Purpose : Glutaredoxin 2 (Grx2), located mainly in the mitochondria, is a glutathione-dependent oxidoreductase which is known to reduce S-glutathionylated proteins. In a previous study, we have found that Grx2 could protect the retina from light-induced retinal degeneration. However, the molecular mechanisms that coordinate mitochondrial energy production with thiol-repair processes in the damaged retina remain largely unknown. To better understand the protective effects of Grx2 in the retina, our study was thus extended to analyze the full transcriptome changes of the retinal tissue in light-exposed Grx2 knockout (KO) mice.

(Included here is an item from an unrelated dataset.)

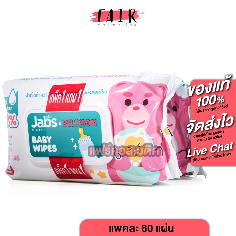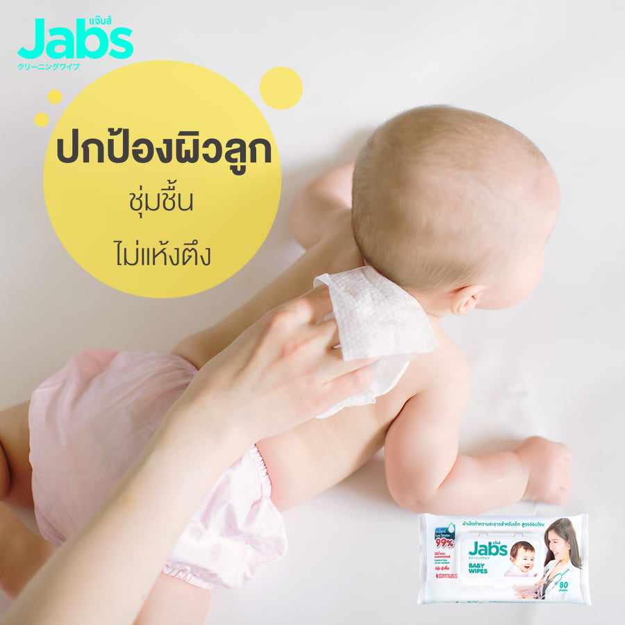 [1 แถม 1][แพคใหญ่ 80 แผ่น] Jabs Baby Wipes แจ๊บส์ เบบี้ ไวพ์ ผ้าเช็ดทำความสะอาด สำหรับเด็ก สูตรอ่อนโยน

Methods : Wild type (WT) and Grx2 KO mice were exposed to white light at 12,000 lux for 1 hour after dark adaptation. The retinal damage was confirmed by the electroretinogram (ERG) recording and spectral domain optical coherence tomography (SD-OCT) measurement. Protein glutathionylation level was evaluated by Western Blot. We then compared the full transcriptome of the retinal tissue in WT and Grx2 KO mice using transcriptome shotgun sequencing (RNA-seq). The gene network was analyzed using DESeq2 pathway analysis software, and real-time PCR and Western Blot further confirmed the selected genes of interest.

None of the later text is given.